Belum lagi berbicara tentang sistem yang diterapkan, yang paling besar pengaruhnya pada kualitas interaksi sosial di masyarakat. Barat telah menerapkan sebuah sistem yang bukan hanya menciptakan tata dunia yang tidak adil yang dicirikan oleh imperialisme lewat mekanisme hutang, perdagangan yang tidak adil, dukungan bagi para diktator dan tiran, dan pendudukan yang ilegal. Ketidakadilan itu juga tampak jelas di dalam negerinya masing-masing saat kesenjangan antar si kaya dan si miskin kian menjadi. Pada saat yang sama kebebasan sipil dikurangi dengan cara menteror rakyatnya sendiri.
Kesimpulan diagnosanya, penyakit masyarakat di Barat semua berpangkal pada ideologi Kapitalisme yang cacat sejak lahir dan mengandung bibit-bibit kanker sejak awal. Ideologi Kapitalisme telah merusak individu, pemikiran dan perasaan yang ada pada masyarakat Barat dalam jangka panjang.
Karena itu, penting menyimak firman Allah SWT berikut:
فَأَمَّا عَادٌ فَاسْتَكْبَرُوا فِي الأرْضِ بِغَيْرِ الْحَقِّ وَقَالُوا مَنْ أَشَدُّ مِنَّا قُوَّةً أَوَلَمْ يَرَوْا أَنَّ اللَّهَ الَّذِي خَلَقَهُمْ هُوَ أَشَدُّ مِنْهُمْ قُوَّةً وَكَانُوا بِآيَاتِنَا يَجْحَدُونَ (١٥)
Adapun kaum ‘Ad, mereka menyombongkan diri di muka bumi tanpa alasan yang benar dan berkata, “Siapakah yang lebih besar kekuatannya dari kami?” Apakah mereka itu tidak memperhatikan bahwa Allah yang menciptakan mereka adalah lebih besar kekuatan-Nya daripada mereka? Namun, mereka mengingkari tanda-tanda (kekuatan) Kami (QS Fushshilat [41]: 15).
Kualitas Interaksi Sosial dalam Masyarakat Islam
Jika Amerika menghabiskan ratusan juta dolar untuk penelitian dalam mengatasi problem sosial di masyarakatnya, maka dengan bahasa elegan Sayyid Quthb berujar, “Islam melenyapkan kebiasaan yang telah mengakar di masyarakat jahiliah hanya dengan beberapa lembar ayat Quran.” SubhanalLah.

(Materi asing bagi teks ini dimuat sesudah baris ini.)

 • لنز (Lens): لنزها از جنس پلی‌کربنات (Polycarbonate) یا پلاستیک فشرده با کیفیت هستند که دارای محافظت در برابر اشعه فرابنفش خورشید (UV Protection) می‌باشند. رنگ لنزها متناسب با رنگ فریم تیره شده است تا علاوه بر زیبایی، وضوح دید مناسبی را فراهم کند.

Kutipan ilustrasi di atas adalah benar adanya. Islam memiliki solusi mengakar untuk menciptakan masyarakat yang sehat jiwanya. Islam dengan seluruh risalahnya yang luhur telah menjaga bangunan masyarakat dengan penjagaan yang sempurna. Akidah dan hukum-hukum Islam telah menjaga 8 (delapan) hal yang ada dalam masyarakat (Muhammad Husein Abdullah, 1996), yakni: (1) memelihara agama; (2) memelihara jiwa; (3) memelihara akal; (4) memelihara keturunan; (5) memelihara harta benda; (6) memelihara kehormatan; (7) memelihara keamanan; (8) memelihara negara.

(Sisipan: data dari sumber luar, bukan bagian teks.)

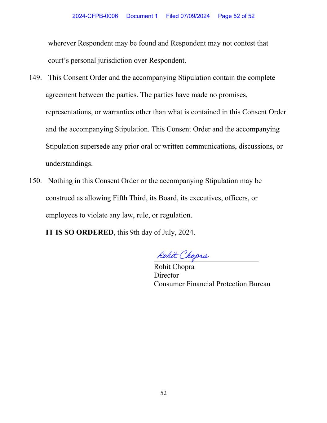 52 wherever Respondent may be found and Respondent may not contest that court’s personal jurisdiction over Respondent. 149. This Consent Order and the accompanying Stipulation contain the complete agreement between the parties. The parties have made no promises, representations, or warranties other than what is contained in this Consent Order and the accompanying Stipulation. This Consent Order and the accompanying Stipulation supersede any prior oral or written communications, discussions, or understandings. 150. Nothing in this Consent Order or the accompanying Stipulation may be construed as allowing Fifth Third, its Board, its executives, officers, or employees to violate any law, rule, or regulation. IT IS SO ORDERED, this 9th day of July, 2024. ____________________________ Rohit Chopra Director Consumer Financial Protection Bureau ~ f 2024-CFPB-0006 Document 1 Filed 07/09/2024 Page 52 of 52
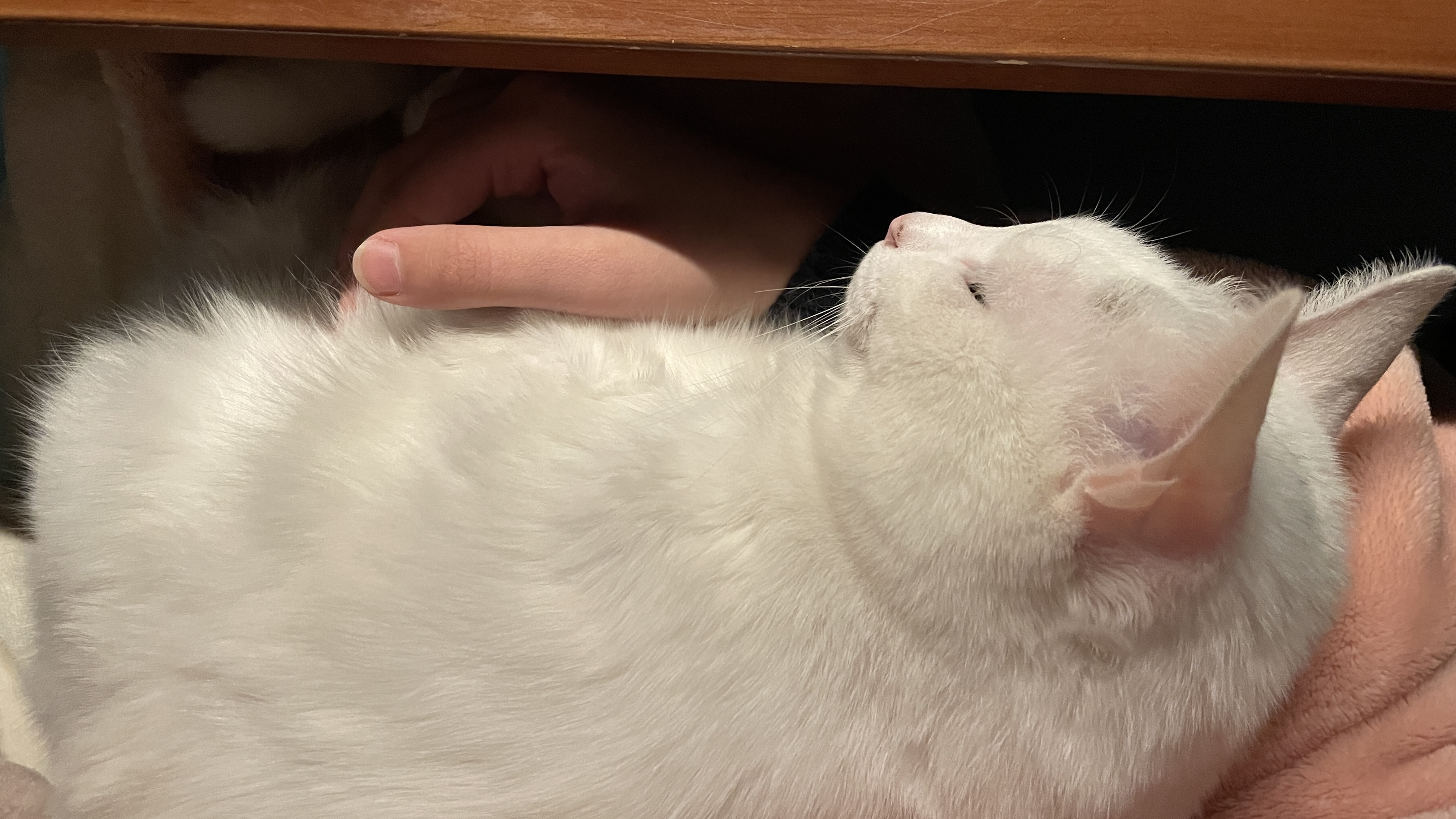 (About my first cat) In the second half of 2020, I used to feed stray cats in the neighborhood. I found a white kitten about 3 months old. It is said that the white cat is timid, and it is true. At first it was very afraid of people and ran away as soon as it saw people approaching. But the good thing was that the orange cats in the neighborhood were very close to humans, and it learned a lot from following them and it gradually became much more human-friendly.
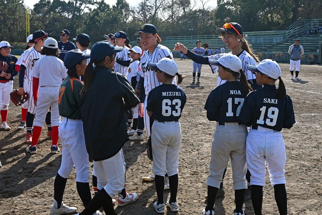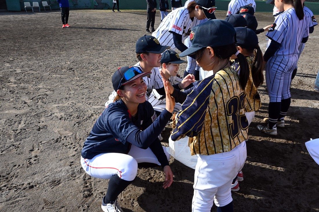 静岡キャンパスと静岡翔洋高の指揮官を兼任する弓桁義雄監督(付属静岡翔洋高校中等部教諭)は、「女子野球の裾野が広がり、本学も高校、大学に部活ができた今、その先で指導者になるという選択肢を考えるきっかけにしてほしいと思い企画しました。野球が好きで、野球を全力で楽しむのが女子選手の魅力であり、それを引き出すには女性の指導者が必要」と語ります。静岡キャンパスの鈴木はな主将(人文学部2年次生)は、「当日のメニューを考えたり、参加者を募ったりと、部員全員で準備をしてきました。小中学生に教えるのは初めてだったので、難しい言葉を使わないように心がけました。アドバイスがうまく伝わってできるようになったときはすごくうれしい。一つひとつ言葉にすることで、自分自身も普段何を考えてプレーしているのかを再認識する機会になりました」と話していました。
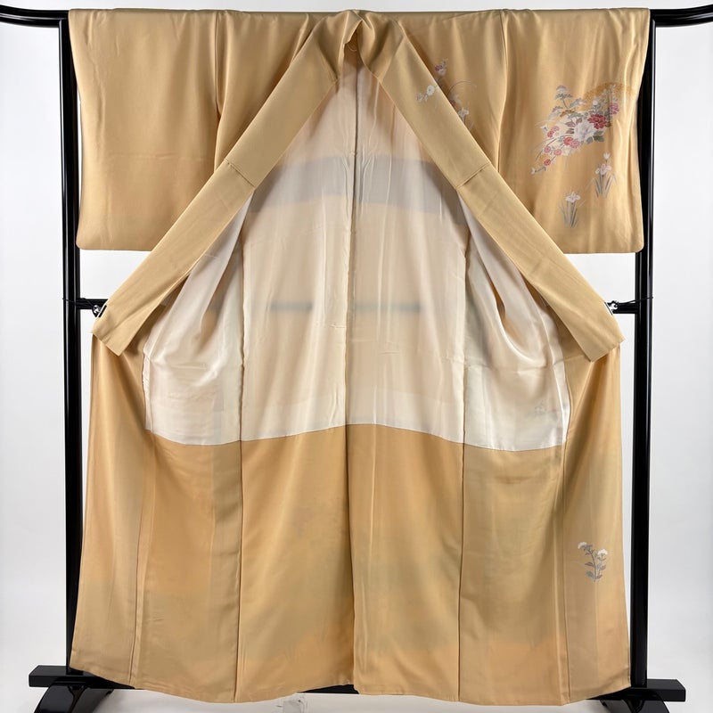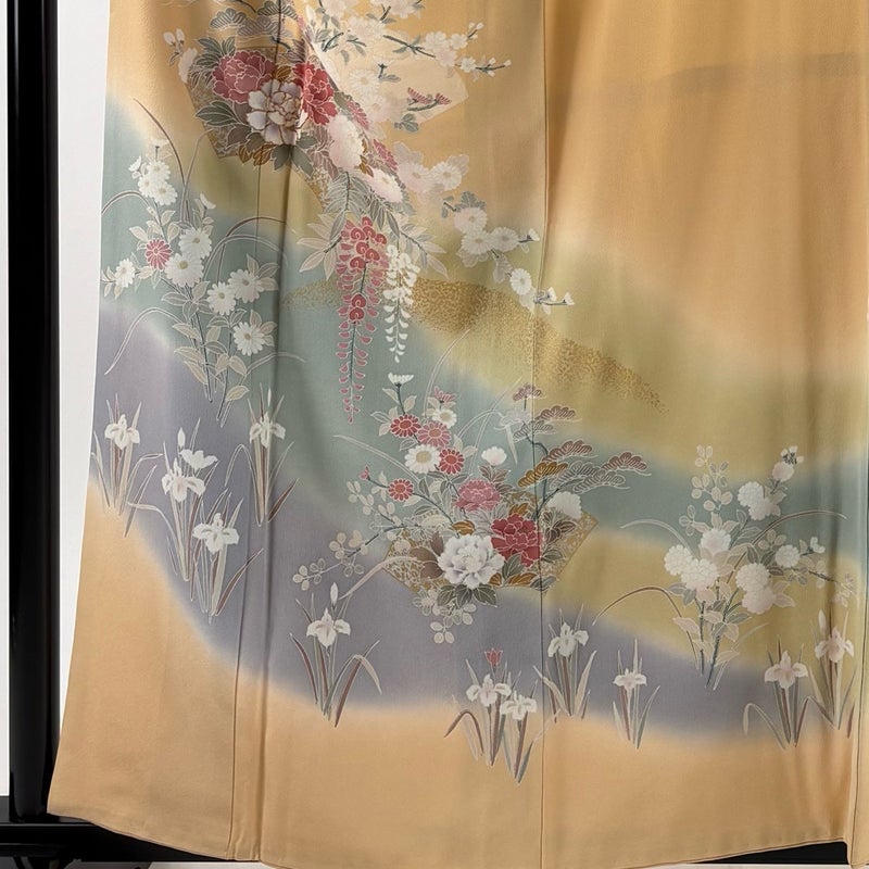 【着物ランク】秀品 【素材】正絹 【身丈】約160cm 【裄丈】約65cm 【袖丈】約55.5cm 【袖幅】約33cm 【前幅】約23cm 【後幅】約30cm 【サイズ】M 【着物仕立て】袷 【着用時期】10~5月 【状態ランク】ランクB 【着物着用シーン】披露宴、パーティー、お見合い、式典、茶会

Masyarakat Madinah adalah model terbaik dari masyarakat yang sehat dan berperadaban luhur. Islam, sejak kelahirannya di Jazirah Arab, telah menorehkan prestasi yang luar biasa dalam membawa masyarakatnya pada keluhuran martabat. Dalam naungan wahyu Allah SWT, Islam juga berhasil melebur pemikiran dan perasaan masyarakatnya dalam kemurnian akidah Islam serta keharmonian hukum-hukumnya. Tidak aneh jika keutamaan kota Madinah diilustrasikan oleh Rasulullah saw. seperti alat peniup tungku pandai besi yang mampu menyingkirkan karat besi. Rasulullah saw. bersabda: “Madinah itu seperti tungku (tukang besi) yang bisa membersihkan debu-debu yang kotor dan membuat cemerlang kebaikan-kebaikannya.” (HR al-Bukhari).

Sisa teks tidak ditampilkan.